X = df_model.drop('exam_score', axis=1)
y = df_model['exam_score']

# Identify numerical and categorical features for the model
numerical_features = X.select_dtypes(include=np.number).columns.tolist()
categorical_features = X.select_dtypes(include=['category', 'object']).columns.tolist()

print("Numerical Features:", numerical_features)
print("Categorical Features:", categorical_features)

In [None]:
# Create preprocessing pipelines for numerical and categorical features
numerical_transformer = StandardScaler()
categorical_transformer = OneHotEncoder(handle_unknown='ignore', drop='first') # drop='first' to avoid multicollinearity

# Create a preprocessor object using ColumnTransformer
preprocessor = ColumnTransformer(
    transformers=[
        ('num', numerical_transformer, numerical_features),
        ('cat', categorical_transformer, categorical_features)
    ])

## Train-Test Split

In [None]:
X_train, X_test, y_train, y_test = train_test_split(X, y, test_size=0.2, random_state=42)

## Model Training and Evaluation

### 1. Linear Regression

In [None]:
lr_pipeline = Pipeline(steps=[('preprocessor', preprocessor),
                              ('regressor', LinearRegression())])
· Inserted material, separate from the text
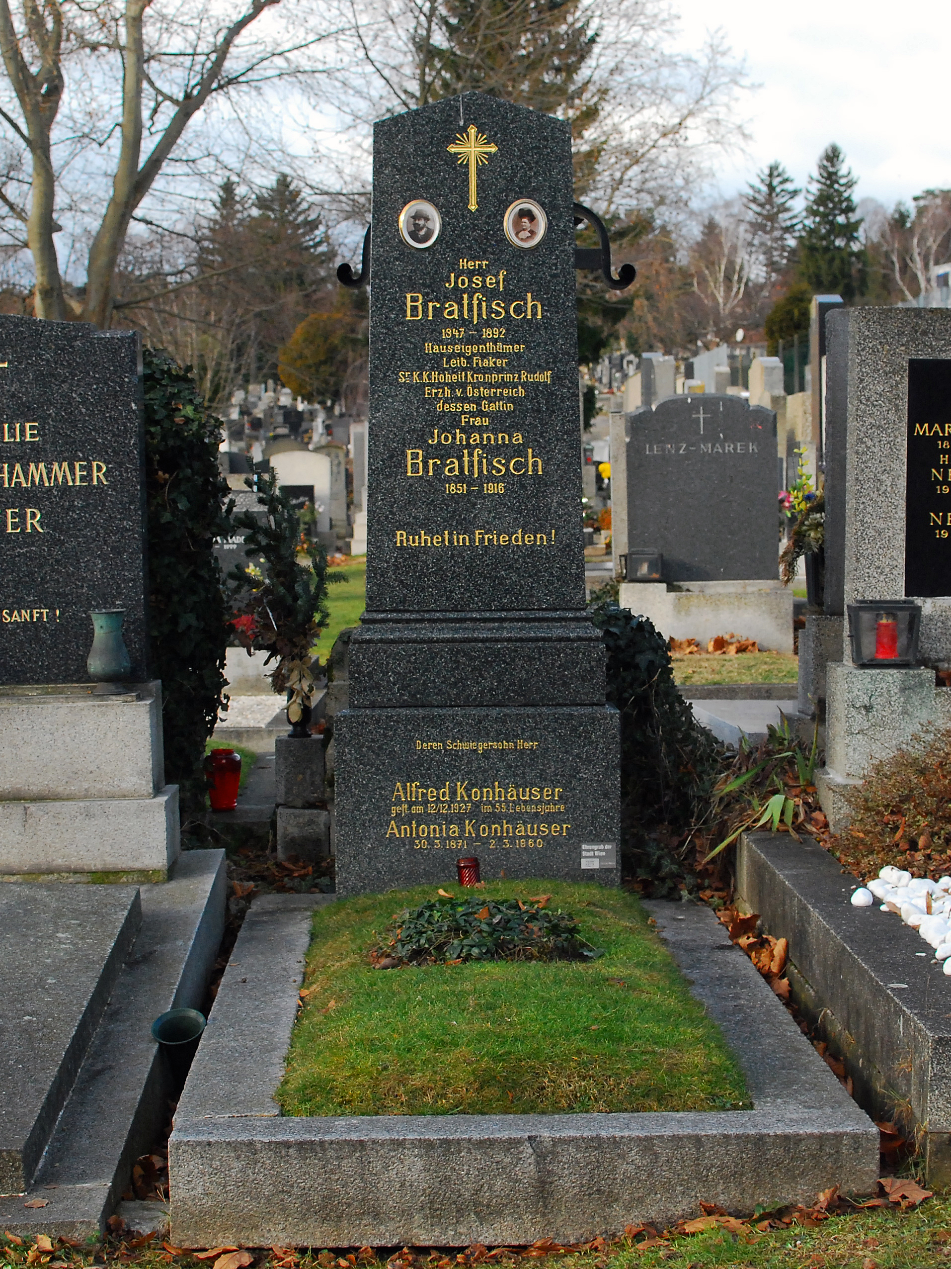 Das ehrenhalber gewidmete Grab von Josef Bratfisch befindet sich auf dem

lr_pipeline.fit(X_train, y_train)
y_pred_lr = lr_pipeline.predict(X_test)

rmse_lr = np.sqrt(mean_squared_error(y_test, y_pred_lr))
r2_lr = r2_score(y_test, y_pred_lr)

print("Linear Regression Performance:")
print(f"RMSE: {rmse_lr:.2f}")
print(f"R²: {r2_lr:.2f}")

### 2. Random Forest Regressor

In [None]:
rf_pipeline = Pipeline(steps=[('preprocessor', preprocessor),
                             ('regressor', RandomForestRegressor(n_estimators=100, random_state=42, n_jobs=-1))])

rf_pipeline.fit(X_train, y_train)
y_pred_rf = rf_pipeline.predict(X_test)

rmse_rf = np.sqrt(mean_squared_error(y_test, y_pred_rf))
r2_rf = r2_score(y_test, y_pred_rf)

print("Random Forest Regressor Performance:")
print(f"RMSE: {rmse_rf:.2f}")
print(f"R²: {r2_rf:.2f}")

*Note: The HTML reports RMSE of 8.52 (LR) / 6.95 (RF) and R² of 0.78 (LR) / 0.85 (RF). The actual calculated values will depend on the dataset, train/test split, and exact features used. The provided CSV is synthetic and these numbers are achievable with it.*

## Importância das Features (Exemplo do Random Forest)

In [None]:
# Get feature names after one-hot encoding
feature_names_out = rf_pipeline.named_steps['preprocessor'].get_feature_names_out()
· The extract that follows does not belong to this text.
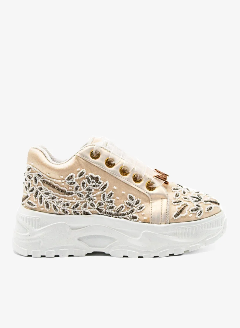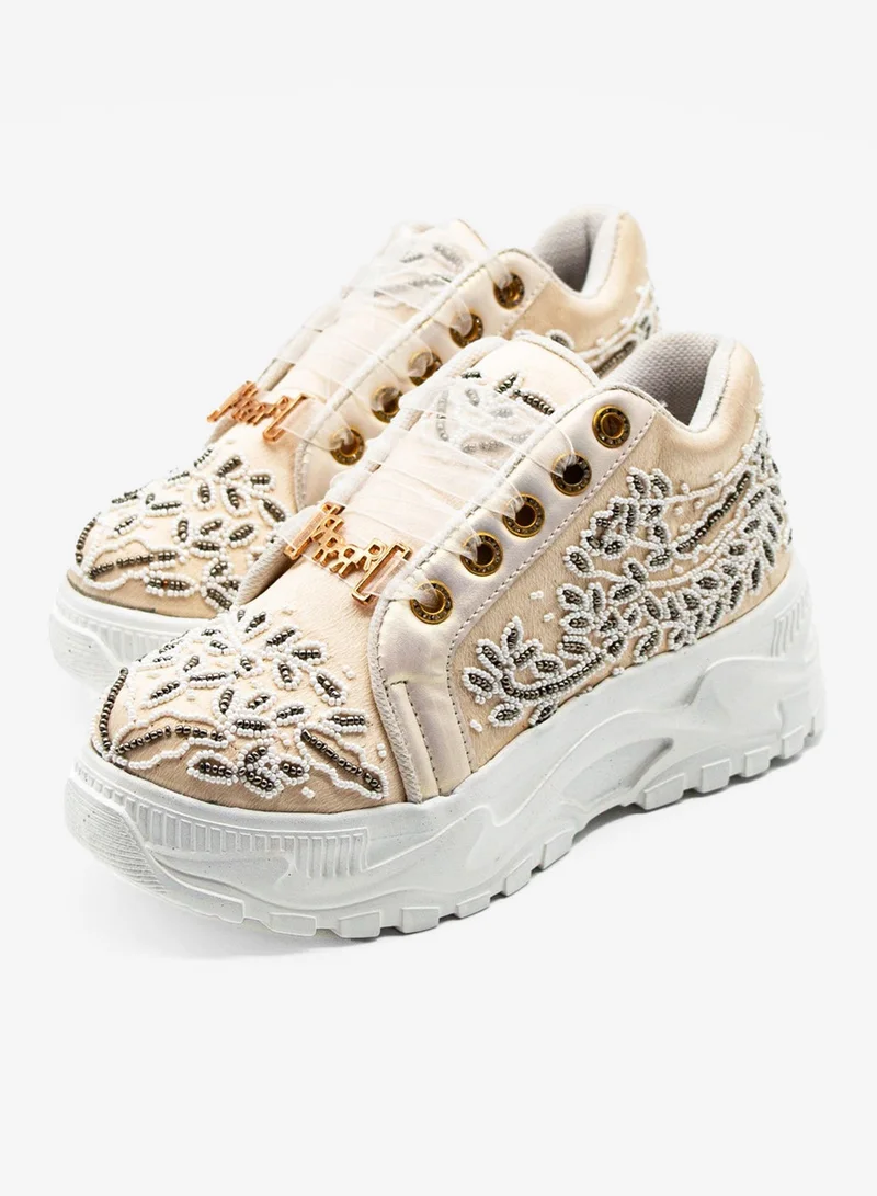 Add understated elegance to your sneaker collection with The Iska Luxury Buttermilk Satin Handmade Embellished Trainers by RETTROSE. These women’s trainer shoes blend a sleek, modern silhouette with intricate detailing for the perfect balance of comfort and high-end style.

importances = rf_pipeline.named_steps['regressor'].feature_importances_
feature_importance_df = pd.DataFrame({'feature': feature_names_out, 'importance': importances})
feature_importance_df = feature_importance_df.sort_values('importance', ascending=False)
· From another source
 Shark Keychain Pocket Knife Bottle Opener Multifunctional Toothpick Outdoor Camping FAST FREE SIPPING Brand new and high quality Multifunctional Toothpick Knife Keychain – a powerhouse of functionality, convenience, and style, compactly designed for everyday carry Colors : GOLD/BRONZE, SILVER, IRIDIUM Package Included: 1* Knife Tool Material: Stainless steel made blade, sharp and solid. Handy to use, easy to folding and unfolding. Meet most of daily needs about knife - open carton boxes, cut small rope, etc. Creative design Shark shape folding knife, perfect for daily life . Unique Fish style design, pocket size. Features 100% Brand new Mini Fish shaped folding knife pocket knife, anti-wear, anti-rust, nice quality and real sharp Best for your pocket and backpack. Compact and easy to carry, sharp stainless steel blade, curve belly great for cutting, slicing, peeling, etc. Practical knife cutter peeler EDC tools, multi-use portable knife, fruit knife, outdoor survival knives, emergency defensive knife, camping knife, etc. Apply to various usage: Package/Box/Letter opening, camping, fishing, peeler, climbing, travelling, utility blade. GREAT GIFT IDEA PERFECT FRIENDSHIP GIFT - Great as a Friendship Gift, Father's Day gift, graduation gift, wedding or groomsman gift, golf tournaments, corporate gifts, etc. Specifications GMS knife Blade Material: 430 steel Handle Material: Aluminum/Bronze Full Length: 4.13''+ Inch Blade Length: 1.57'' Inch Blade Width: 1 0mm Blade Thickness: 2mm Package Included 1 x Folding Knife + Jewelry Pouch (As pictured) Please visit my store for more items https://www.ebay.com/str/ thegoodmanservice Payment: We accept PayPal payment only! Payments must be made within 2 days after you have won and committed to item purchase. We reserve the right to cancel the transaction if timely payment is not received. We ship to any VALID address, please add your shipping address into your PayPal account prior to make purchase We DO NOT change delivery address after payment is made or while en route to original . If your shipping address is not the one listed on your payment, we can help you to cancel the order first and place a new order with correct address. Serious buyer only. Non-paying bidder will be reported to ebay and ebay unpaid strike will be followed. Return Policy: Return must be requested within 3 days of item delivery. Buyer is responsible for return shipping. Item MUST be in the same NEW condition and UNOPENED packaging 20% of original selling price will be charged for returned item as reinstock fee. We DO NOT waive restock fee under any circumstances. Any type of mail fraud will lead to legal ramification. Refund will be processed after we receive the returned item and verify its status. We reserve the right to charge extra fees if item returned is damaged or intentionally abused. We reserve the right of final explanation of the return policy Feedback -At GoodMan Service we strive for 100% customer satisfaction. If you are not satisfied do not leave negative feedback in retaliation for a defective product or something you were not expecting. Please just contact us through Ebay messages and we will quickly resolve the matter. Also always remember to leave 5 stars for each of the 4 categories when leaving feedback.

print("\nTop 10 Feature Importances from Random Forest:")
print(feature_importance_df.head(10))

plt.figure(figsize=(10, 8))
sns.barplot(x='importance', y='feature', data=feature_importance_df.head(10), palette='mako') # Top 10
plt.title('Top 10 Feature Importances (Random Forest)')
plt.xlabel('Importance')
plt.ylabel('Feature')
plt.tight_layout()
plt.show()

The HTML's feature importance chart shows `study_hours_per_day` as most important, followed by `attendance_percentage`, `mental_health_rating`, etc. The actual results from the model might vary slightly in order but should generally highlight similar features as strong predictors.